Devant la clinique, j’ai rencontré Sarah Johnston, une mère de trois enfants qui attendait l’ouverture. Sa cadette, Ella, quatre ans, devait recevoir sa deuxième dose de ROR.
« J’ai avancé son rendez-vous après avoir entendu parler de l’éclosion, » a expliqué Sarah, tandis qu’Ella serrait un dinosaure en peluche à côté d’elle. « La famille de ma sœur à Medicine Hat a vu la rougeole balayer leur quartier. Le bébé de sa voisine a été hospitalisé – seulement six mois, trop jeune pour le vaccin. »
L’urgence de Sarah reflète l’impact réel de ce que les responsables de la santé appellent les « lacunes d’immunité » – des poches d’individus non vaccinés ou sous-vaccinés où le virus peut prendre pied.
Ces lacunes existent dans toute l’Alberta, mais sont particulièrement prononcées dans certaines communautés. Les données des Services de santé de l’Alberta montrent des taux de vaccination aussi bas que 70 % dans certaines zones rurales et quartiers urbains spécifiques.

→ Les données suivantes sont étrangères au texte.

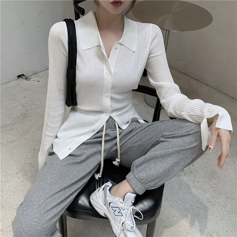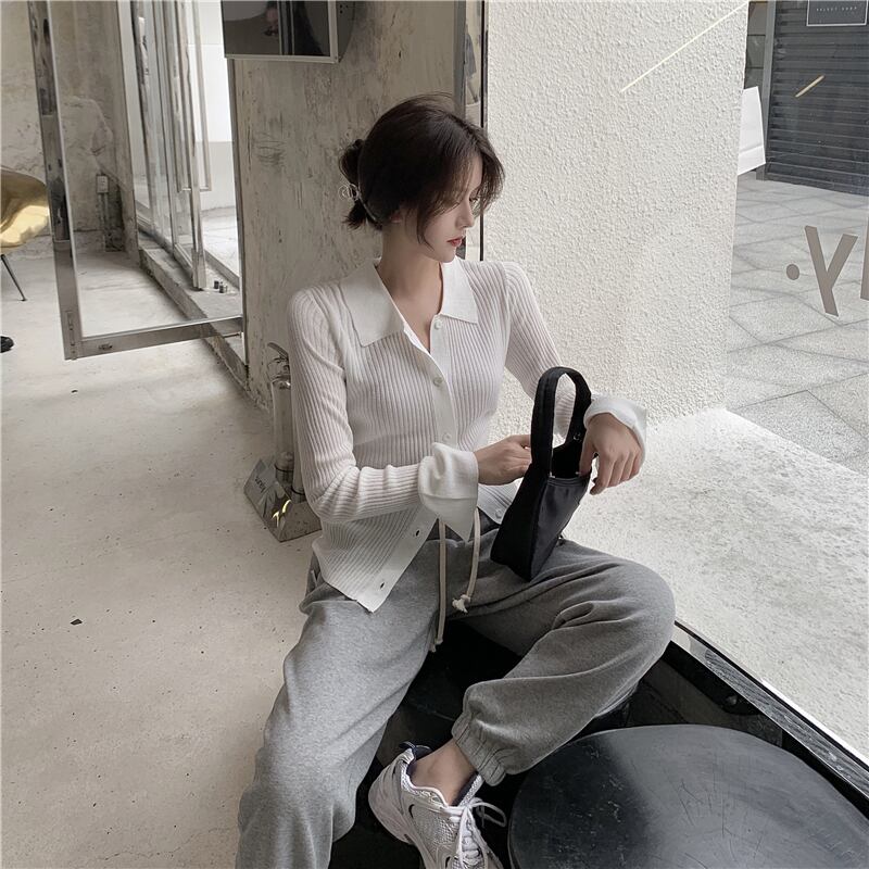 ラペルソフトワックスホワイトニットスモールカーディガンレディース秋ルーズ長袖セータージャケット2020新作アウタージャケット ブラックストロベリース24604375048
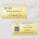 Affärskort med söt lätt gult guld metallisk utformning. På baksidan finns utrymme för din logotyp och QR-kod. Snygg för en skönhetsalon eller konstgjord konstnär.

La Dre Deena Hinshaw, ancienne médecin hygiéniste en chef de l’Alberta, a décrit ce défi lors de notre rencontre autour d’un café à Edmonton. « Nous observons un regroupement d’individus non vaccinés dans des communautés où le scepticisme vaccinal a pris racine. Quand la rougeole entre dans ces populations, elle se propage rapidement. »
L’impact économique est également considérable. Chaque cas nécessite un traçage extensif des contacts, des mesures de quarantaine et des coûts potentiels de traitement. Le district scolaire catholique de Calgary a temporairement fermé deux écoles le mois dernier après des expositions, affectant des centaines de familles qui ont dû organiser la garde d’enfants ou prendre congé.
Les Services de santé de l’Alberta ont réagi en ouvrant des cliniques de vaccination le week-end et en déployant des unités mobiles de vaccination dans les communautés à faible couverture. Les autorités ont également lancé une campagne de sensibilisation multilingue soulignant la sécurité et l’efficacité du vaccin ROR.
« Nous essayons de rendre la vaccination aussi accessible que possible, » a expliqué le Dr Mark Joffe, actuel médecin hygiéniste en chef de l’Alberta. « Sans rendez-vous nécessaire, horaires prolongés, et nous travaillons avec les leaders communautaires pour répondre aux préoccupations spécifiques des groupes hésitants. »
La dimension transfrontalière ajoute de la complexité. Les Centres américains de contrôle et de prévention des maladies ont émis un avis de voyage pour l’Alberta la semaine dernière, recommandant aux visiteurs américains de s’assurer que leurs vaccinations sont à jour avant de voyager dans la province.
De retour à la clinique, maintenant animée par les patients matinaux, la Dre Patel m’a montré son application de planification – complètement réservée avec des rendez-vous de vaccination pour les trois prochaines semaines.
« S’il y a un côté positif, » dit-elle, « c’est que les éclosions rappellent souvent aux gens pourquoi nous vaccinons en premier lieu. Nous voyons de nombreuses familles qui avaient retardé ou remis en question les vaccins venir maintenant en urgence. »
Cette urgence est justifiée. Le gouvernement de l’Alberta prévoit que l’éclosion pourrait s’aggraver pendant la saison des voyages estivaux, potentiellement atteignant 50-60 cas d’ici septembre si les taux de vaccination ne s’améliorent pas significativement.
En quittant la clinique, j’ai observé des parents arrivant avec leurs enfants, certains semblant anxieux, d’autres déterminés. Un père portant sa petite fille m’a tenu la porte.
« Je n’aurais jamais pensé que nous aurions à faire face à la rougeole à nouveau, » a-t-il dit. « Ma grand-mère me racontait des histoires d’amis qu’elle avait perdus à cause de cette maladie quand elle était enfant. On dirait parfois que nous reculons. »
Ses paroles m’ont habité alors que je m’éloignais. Pour une maladie que nous avions autrefois vaincue, la résurgence de la rougeole sert de rappel brutal : les victoires en santé publique ne sont jamais permanentes sans vigilance et action collective.